▶ **TASK PROMPT**
Every line from the first record below down to the line that includes "지역별로는 전남지역 환자가" must be reproduced exactly; the pictures are not.
☆ ☆ ☆ ☆ ☆
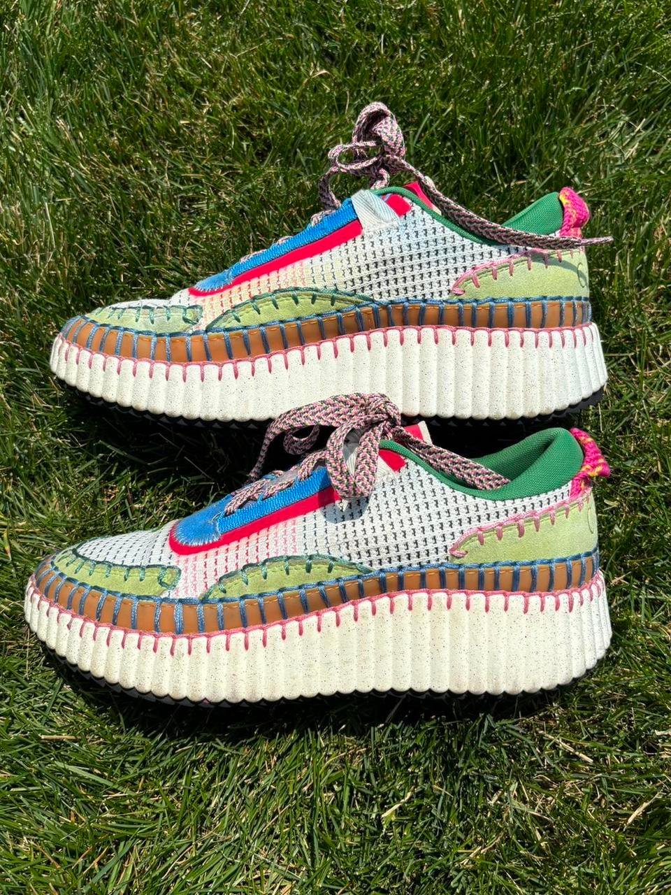 The sneakers are crafted from a combination of recycled mesh and calfskin, materials chosen for their reduced environmental footprint. This mix of materials also allows for a dynamic interplay of textures, giving the sneakers a unique and layered appearance. The hand-stitched detailing on the shoes highlights Chloé’s commitment to craftsmanship, a hallmark of the brand that has been carried into this modern, eco-conscious design. Each pair of Nama Sneakers is a testament to the meticulous attention to detail that Chloé is known for, blending traditional craftsmanship with contemporary design sensibilities.
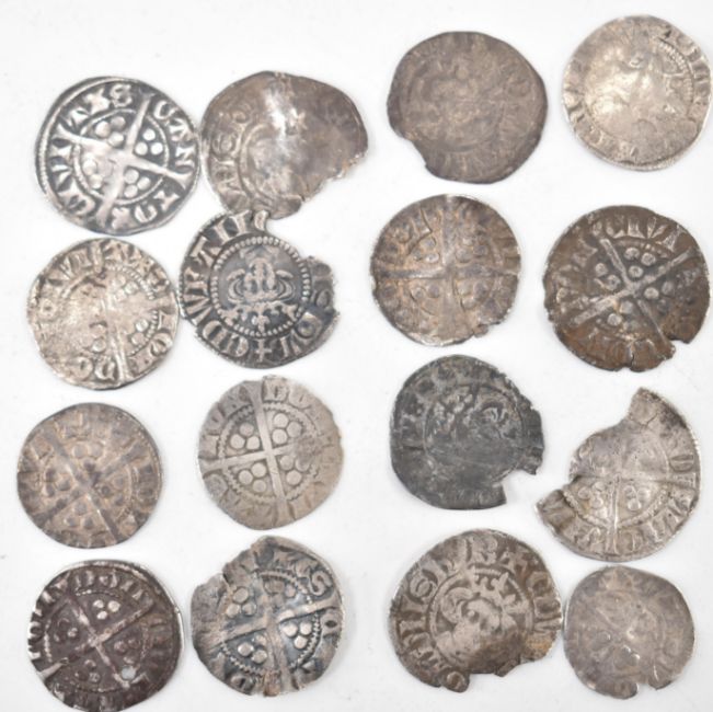 A collection of 16 medieval 13th century coins comprising of a Edward I Long Cross Penny (Bristol Mint), Edward I Penny of Canterbury x 5, Edward I London penny x 8, Edward I Long Cross Penny Durham Mint x 2,
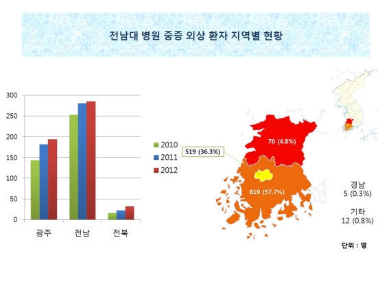 지역별로는 전남지역 환자가 819명(57.7%), 광주 519명(36.3%), 전북 70명(4.8%)이었으며, 경남 등 타 지역 환자도 늘고 있어 전남대병원 중증외상센터에 대한 신뢰와 의존도가 높아가고 있는 것으로 나타났다.
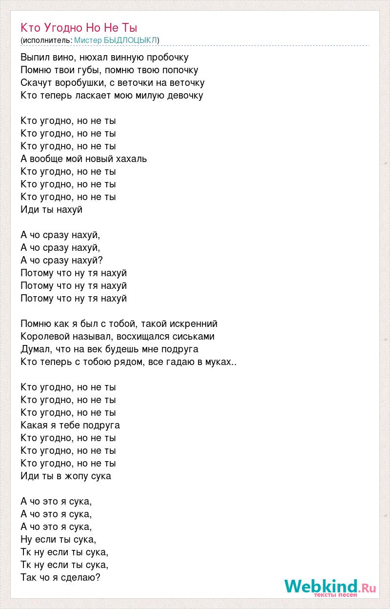 Выпил вино, нюхал винную пробочку Помню твои губы, помню твою попочку Скачут воробушки, с веточки на веточку Кто теперь ласкает мою милую девочку Кто угодно, но не ты Кто угодно, но не ты Кто угодно, но не ты А вообще мой новый хахаль Кто угодно, но не ты Кто угодно, но не ты Кто угодно, но не ты Иди ты нахуй А чо сразу нахуй, А чо сразу нахуй, А чо сразу нахуй? Потому что ну тя нахуй Потому что ну тя нахуй Потому что ну тя нахуй Помню как я был с тобой, такой искренний Королевой называл, восхищался сиськами Думал, что на век будешь мне подруга Кто теперь с тобою рядом, все гадаю в муках.. Кто угодно, но не ты Кто угодно, но не ты Кто угодно, но не ты Какая я тебе подруга Кто угодно, но не ты Кто угодно, но не ты Кто угодно, но не ты Иди ты в жопу сука А чо это я сука, А чо это я сука, А чо это я сука, Ну если ты сука, Тк ну если ты сука, Тк ну если ты сука, Так чо я сделаю?
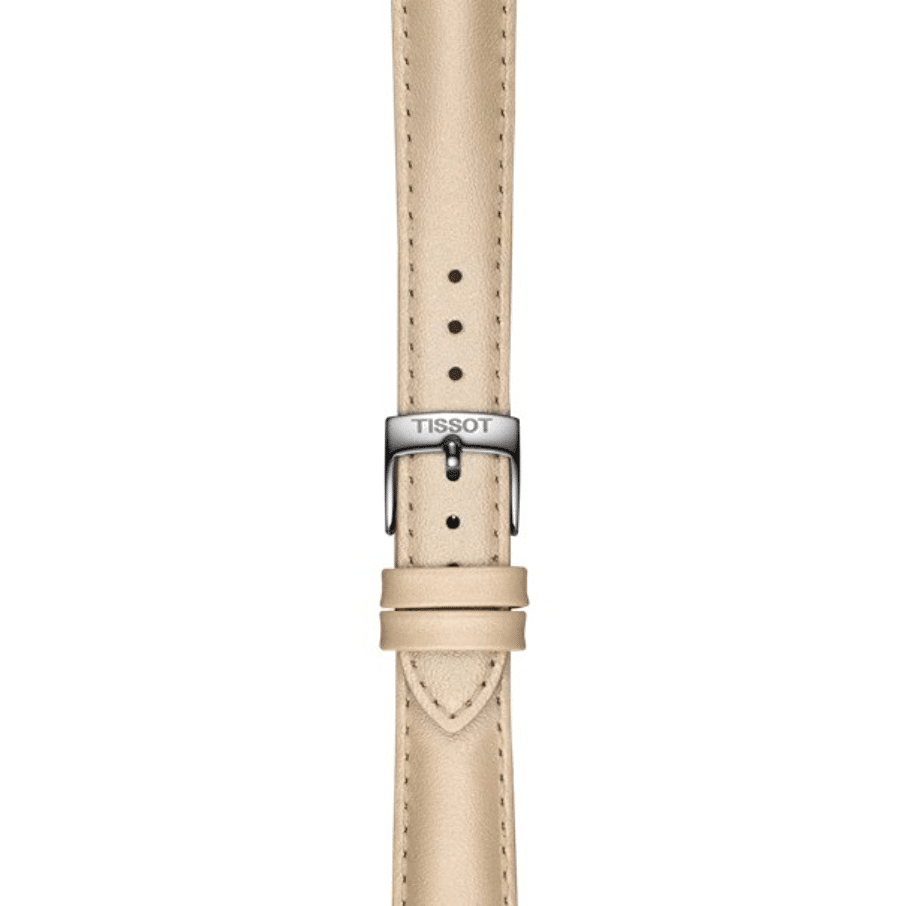 Dit Tissot PR 100 Quartz-model heeft een 34 mm roestvrijstalen kast met roségouden PVD-coating. De witte parelmoer wijzerplaat is goed beschermd onder een krasbestendig saffierglas. De lederen band, crème kleur, is eenvoudig te vervangen dankzij het quick release systeem.
☆ ☆ ☆ ☆ ☆
▶ **REPLY TO THE EXERCISE**
 The sneakers are crafted from a combination of recycled mesh and calfskin, materials chosen for their reduced environmental footprint. This mix of materials also allows for a dynamic interplay of textures, giving the sneakers a unique and layered appearance. The hand-stitched detailing on the shoes highlights Chloé’s commitment to craftsmanship, a hallmark of the brand that has been carried into this modern, eco-conscious design. Each pair of Nama Sneakers is a testament to the meticulous attention to detail that Chloé is known for, blending traditional craftsmanship with contemporary design sensibilities.
 A collection of 16 medieval 13th century coins comprising of a Edward I Long Cross Penny (Bristol Mint), Edward I Penny of Canterbury x 5, Edward I London penny x 8, Edward I Long Cross Penny Durham Mint x 2,
 지역별로는 전남지역 환자가 819명(57.7%), 광주 519명(36.3%), 전북 70명(4.8%)이었으며, 경남 등 타 지역 환자도 늘고 있어 전남대병원 중증외상센터에 대한 신뢰와 의존도가 높아가고 있는 것으로 나타났다.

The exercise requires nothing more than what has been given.